- Task brief -
The complete listing that follows is to be set down again, exactly as it appears.

- Data for review -
=== Begin Enclosure ===
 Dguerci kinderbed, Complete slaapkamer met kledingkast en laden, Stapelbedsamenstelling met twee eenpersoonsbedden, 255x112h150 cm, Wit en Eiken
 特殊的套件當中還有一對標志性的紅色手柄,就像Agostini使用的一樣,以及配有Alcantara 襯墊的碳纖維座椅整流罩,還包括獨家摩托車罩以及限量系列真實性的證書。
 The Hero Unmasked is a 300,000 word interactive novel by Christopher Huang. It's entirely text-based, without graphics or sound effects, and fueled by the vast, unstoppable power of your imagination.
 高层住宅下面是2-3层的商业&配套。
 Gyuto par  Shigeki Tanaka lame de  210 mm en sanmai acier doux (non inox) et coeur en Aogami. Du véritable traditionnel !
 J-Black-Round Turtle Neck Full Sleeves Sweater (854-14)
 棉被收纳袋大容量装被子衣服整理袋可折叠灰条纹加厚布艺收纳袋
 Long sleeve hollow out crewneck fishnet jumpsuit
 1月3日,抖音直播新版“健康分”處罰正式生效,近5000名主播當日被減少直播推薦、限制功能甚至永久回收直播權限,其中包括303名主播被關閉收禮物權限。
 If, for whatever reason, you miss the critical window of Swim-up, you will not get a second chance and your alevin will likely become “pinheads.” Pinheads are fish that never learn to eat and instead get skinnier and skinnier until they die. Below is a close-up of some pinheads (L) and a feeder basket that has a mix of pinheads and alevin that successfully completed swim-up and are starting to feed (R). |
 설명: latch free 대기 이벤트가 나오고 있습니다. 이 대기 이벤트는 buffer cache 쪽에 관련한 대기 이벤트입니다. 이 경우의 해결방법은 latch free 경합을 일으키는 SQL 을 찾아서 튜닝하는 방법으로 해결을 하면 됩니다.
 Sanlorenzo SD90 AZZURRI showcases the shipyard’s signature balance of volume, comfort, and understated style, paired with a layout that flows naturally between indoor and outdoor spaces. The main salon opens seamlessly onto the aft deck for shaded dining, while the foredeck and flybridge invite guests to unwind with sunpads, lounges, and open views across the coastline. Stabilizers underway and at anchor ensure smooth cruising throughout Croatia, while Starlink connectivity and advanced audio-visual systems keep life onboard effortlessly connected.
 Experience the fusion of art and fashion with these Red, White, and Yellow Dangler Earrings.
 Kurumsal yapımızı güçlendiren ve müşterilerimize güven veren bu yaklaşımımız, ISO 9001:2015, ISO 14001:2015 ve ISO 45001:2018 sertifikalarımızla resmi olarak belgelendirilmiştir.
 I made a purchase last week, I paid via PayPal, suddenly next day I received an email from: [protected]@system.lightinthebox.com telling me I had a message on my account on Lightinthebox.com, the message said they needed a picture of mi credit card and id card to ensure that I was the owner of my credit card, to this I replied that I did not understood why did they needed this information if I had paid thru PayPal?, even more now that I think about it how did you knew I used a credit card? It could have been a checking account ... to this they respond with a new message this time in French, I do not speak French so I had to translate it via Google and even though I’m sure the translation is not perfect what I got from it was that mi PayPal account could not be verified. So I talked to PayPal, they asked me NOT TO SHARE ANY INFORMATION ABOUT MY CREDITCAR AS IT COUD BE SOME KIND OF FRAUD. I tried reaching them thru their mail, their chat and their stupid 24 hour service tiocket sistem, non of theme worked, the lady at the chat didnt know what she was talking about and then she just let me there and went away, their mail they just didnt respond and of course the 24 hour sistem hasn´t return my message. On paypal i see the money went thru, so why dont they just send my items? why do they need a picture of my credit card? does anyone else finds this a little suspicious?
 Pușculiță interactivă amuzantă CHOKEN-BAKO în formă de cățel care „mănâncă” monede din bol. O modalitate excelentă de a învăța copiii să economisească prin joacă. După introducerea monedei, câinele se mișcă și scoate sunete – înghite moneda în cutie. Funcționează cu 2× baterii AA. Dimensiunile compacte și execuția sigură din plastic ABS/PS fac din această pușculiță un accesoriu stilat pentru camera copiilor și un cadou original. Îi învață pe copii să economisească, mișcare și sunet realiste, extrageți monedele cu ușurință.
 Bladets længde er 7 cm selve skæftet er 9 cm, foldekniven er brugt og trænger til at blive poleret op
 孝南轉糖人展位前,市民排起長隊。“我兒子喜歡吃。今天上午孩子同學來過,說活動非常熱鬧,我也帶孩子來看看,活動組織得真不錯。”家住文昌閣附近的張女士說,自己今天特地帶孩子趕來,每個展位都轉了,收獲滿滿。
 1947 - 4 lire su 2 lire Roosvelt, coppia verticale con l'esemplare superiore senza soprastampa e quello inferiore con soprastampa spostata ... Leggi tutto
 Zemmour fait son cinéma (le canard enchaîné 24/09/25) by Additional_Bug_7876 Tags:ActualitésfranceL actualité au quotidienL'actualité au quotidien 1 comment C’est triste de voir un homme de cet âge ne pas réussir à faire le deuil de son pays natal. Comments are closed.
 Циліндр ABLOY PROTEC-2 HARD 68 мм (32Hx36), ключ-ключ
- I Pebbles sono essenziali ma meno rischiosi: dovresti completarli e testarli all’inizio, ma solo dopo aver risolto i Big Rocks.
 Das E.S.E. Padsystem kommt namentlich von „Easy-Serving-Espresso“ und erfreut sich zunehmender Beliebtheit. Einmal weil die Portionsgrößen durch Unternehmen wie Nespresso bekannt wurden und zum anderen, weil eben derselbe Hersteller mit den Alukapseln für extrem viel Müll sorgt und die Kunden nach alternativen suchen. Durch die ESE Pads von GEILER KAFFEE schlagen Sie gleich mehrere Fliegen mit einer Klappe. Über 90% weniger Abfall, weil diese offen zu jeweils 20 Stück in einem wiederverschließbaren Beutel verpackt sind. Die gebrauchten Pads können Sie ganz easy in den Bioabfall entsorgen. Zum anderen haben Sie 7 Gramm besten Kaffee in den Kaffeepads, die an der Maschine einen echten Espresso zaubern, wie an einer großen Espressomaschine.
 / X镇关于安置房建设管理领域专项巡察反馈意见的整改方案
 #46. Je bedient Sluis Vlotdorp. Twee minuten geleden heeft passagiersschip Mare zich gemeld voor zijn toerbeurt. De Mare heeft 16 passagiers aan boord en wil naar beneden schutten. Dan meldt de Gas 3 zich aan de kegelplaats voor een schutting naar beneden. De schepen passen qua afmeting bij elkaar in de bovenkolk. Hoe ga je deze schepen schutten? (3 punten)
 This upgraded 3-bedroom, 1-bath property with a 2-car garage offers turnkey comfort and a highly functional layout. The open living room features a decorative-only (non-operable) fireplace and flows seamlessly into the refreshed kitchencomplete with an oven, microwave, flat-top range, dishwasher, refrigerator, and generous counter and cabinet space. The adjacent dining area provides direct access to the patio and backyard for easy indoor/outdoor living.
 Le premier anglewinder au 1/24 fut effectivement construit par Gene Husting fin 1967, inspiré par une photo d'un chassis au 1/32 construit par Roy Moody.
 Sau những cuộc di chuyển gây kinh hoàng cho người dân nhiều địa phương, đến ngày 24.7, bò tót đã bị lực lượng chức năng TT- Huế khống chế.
=== End Enclosure ===
- Answer for the task -
 Dguerci kinderbed, Complete slaapkamer met kledingkast en laden, Stapelbedsamenstelling met twee eenpersoonsbedden, 255x112h150 cm, Wit en Eiken
 特殊的套件當中還有一對標志性的紅色手柄,就像Agostini使用的一樣,以及配有Alcantara 襯墊的碳纖維座椅整流罩,還包括獨家摩托車罩以及限量系列真實性的證書。
 The Hero Unmasked is a 300,000 word interactive novel by Christopher Huang. It's entirely text-based, without graphics or sound effects, and fueled by the vast, unstoppable power of your imagination.
 高层住宅下面是2-3层的商业&配套。
 Gyuto par  Shigeki Tanaka lame de  210 mm en sanmai acier doux (non inox) et coeur en Aogami. Du véritable traditionnel !
 J-Black-Round Turtle Neck Full Sleeves Sweater (854-14)
 棉被收纳袋大容量装被子衣服整理袋可折叠灰条纹加厚布艺收纳袋
 Long sleeve hollow out crewneck fishnet jumpsuit
 1月3日,抖音直播新版“健康分”處罰正式生效,近5000名主播當日被減少直播推薦、限制功能甚至永久回收直播權限,其中包括303名主播被關閉收禮物權限。
 If, for whatever reason, you miss the critical window of Swim-up, you will not get a second chance and your alevin will likely become “pinheads.” Pinheads are fish that never learn to eat and instead get skinnier and skinnier until they die. Below is a close-up of some pinheads (L) and a feeder basket that has a mix of pinheads and alevin that successfully completed swim-up and are starting to feed (R). |
 설명: latch free 대기 이벤트가 나오고 있습니다. 이 대기 이벤트는 buffer cache 쪽에 관련한 대기 이벤트입니다. 이 경우의 해결방법은 latch free 경합을 일으키는 SQL 을 찾아서 튜닝하는 방법으로 해결을 하면 됩니다.
 Sanlorenzo SD90 AZZURRI showcases the shipyard’s signature balance of volume, comfort, and understated style, paired with a layout that flows naturally between indoor and outdoor spaces. The main salon opens seamlessly onto the aft deck for shaded dining, while the foredeck and flybridge invite guests to unwind with sunpads, lounges, and open views across the coastline. Stabilizers underway and at anchor ensure smooth cruising throughout Croatia, while Starlink connectivity and advanced audio-visual systems keep life onboard effortlessly connected.
 Experience the fusion of art and fashion with these Red, White, and Yellow Dangler Earrings.
 Kurumsal yapımızı güçlendiren ve müşterilerimize güven veren bu yaklaşımımız, ISO 9001:2015, ISO 14001:2015 ve ISO 45001:2018 sertifikalarımızla resmi olarak belgelendirilmiştir.
 I made a purchase last week, I paid via PayPal, suddenly next day I received an email from: [protected]@system.lightinthebox.com telling me I had a message on my account on Lightinthebox.com, the message said they needed a picture of mi credit card and id card to ensure that I was the owner of my credit card, to this I replied that I did not understood why did they needed this information if I had paid thru PayPal?, even more now that I think about it how did you knew I used a credit card? It could have been a checking account ... to this they respond with a new message this time in French, I do not speak French so I had to translate it via Google and even though I’m sure the translation is not perfect what I got from it was that mi PayPal account could not be verified. So I talked to PayPal, they asked me NOT TO SHARE ANY INFORMATION ABOUT MY CREDITCAR AS IT COUD BE SOME KIND OF FRAUD. I tried reaching them thru their mail, their chat and their stupid 24 hour service tiocket sistem, non of theme worked, the lady at the chat didnt know what she was talking about and then she just let me there and went away, their mail they just didnt respond and of course the 24 hour sistem hasn´t return my message. On paypal i see the money went thru, so why dont they just send my items? why do they need a picture of my credit card? does anyone else finds this a little suspicious?
 Pușculiță interactivă amuzantă CHOKEN-BAKO în formă de cățel care „mănâncă” monede din bol. O modalitate excelentă de a învăța copiii să economisească prin joacă. După introducerea monedei, câinele se mișcă și scoate sunete – înghite moneda în cutie. Funcționează cu 2× baterii AA. Dimensiunile compacte și execuția sigură din plastic ABS/PS fac din această pușculiță un accesoriu stilat pentru camera copiilor și un cadou original. Îi învață pe copii să economisească, mișcare și sunet realiste, extrageți monedele cu ușurință.
 Bladets længde er 7 cm selve skæftet er 9 cm, foldekniven er brugt og trænger til at blive poleret op
 孝南轉糖人展位前,市民排起長隊。“我兒子喜歡吃。今天上午孩子同學來過,說活動非常熱鬧,我也帶孩子來看看,活動組織得真不錯。”家住文昌閣附近的張女士說,自己今天特地帶孩子趕來,每個展位都轉了,收獲滿滿。
 1947 - 4 lire su 2 lire Roosvelt, coppia verticale con l'esemplare superiore senza soprastampa e quello inferiore con soprastampa spostata ... Leggi tutto
 Zemmour fait son cinéma (le canard enchaîné 24/09/25) by Additional_Bug_7876 Tags:ActualitésfranceL actualité au quotidienL'actualité au quotidien 1 comment C’est triste de voir un homme de cet âge ne pas réussir à faire le deuil de son pays natal. Comments are closed.
 Циліндр ABLOY PROTEC-2 HARD 68 мм (32Hx36), ключ-ключ
- I Pebbles sono essenziali ma meno rischiosi: dovresti completarli e testarli all’inizio, ma solo dopo aver risolto i Big Rocks.
 Das E.S.E. Padsystem kommt namentlich von „Easy-Serving-Espresso“ und erfreut sich zunehmender Beliebtheit. Einmal weil die Portionsgrößen durch Unternehmen wie Nespresso bekannt wurden und zum anderen, weil eben derselbe Hersteller mit den Alukapseln für extrem viel Müll sorgt und die Kunden nach alternativen suchen. Durch die ESE Pads von GEILER KAFFEE schlagen Sie gleich mehrere Fliegen mit einer Klappe. Über 90% weniger Abfall, weil diese offen zu jeweils 20 Stück in einem wiederverschließbaren Beutel verpackt sind. Die gebrauchten Pads können Sie ganz easy in den Bioabfall entsorgen. Zum anderen haben Sie 7 Gramm besten Kaffee in den Kaffeepads, die an der Maschine einen echten Espresso zaubern, wie an einer großen Espressomaschine.
 / X镇关于安置房建设管理领域专项巡察反馈意见的整改方案
 #46. Je bedient Sluis Vlotdorp. Twee minuten geleden heeft passagiersschip Mare zich gemeld voor zijn toerbeurt. De Mare heeft 16 passagiers aan boord en wil naar beneden schutten. Dan meldt de Gas 3 zich aan de kegelplaats voor een schutting naar beneden. De schepen passen qua afmeting bij elkaar in de bovenkolk. Hoe ga je deze schepen schutten? (3 punten)
 This upgraded 3-bedroom, 1-bath property with a 2-car garage offers turnkey comfort and a highly functional layout. The open living room features a decorative-only (non-operable) fireplace and flows seamlessly into the refreshed kitchencomplete with an oven, microwave, flat-top range, dishwasher, refrigerator, and generous counter and cabinet space. The adjacent dining area provides direct access to the patio and backyard for easy indoor/outdoor living.
 Le premier anglewinder au 1/24 fut effectivement construit par Gene Husting fin 1967, inspiré par une photo d'un chassis au 1/32 construit par Roy Moody.
 Sau những cuộc di chuyển gây kinh hoàng cho người dân nhiều địa phương, đến ngày 24.7, bò tót đã bị lực lượng chức năng TT- Huế khống chế.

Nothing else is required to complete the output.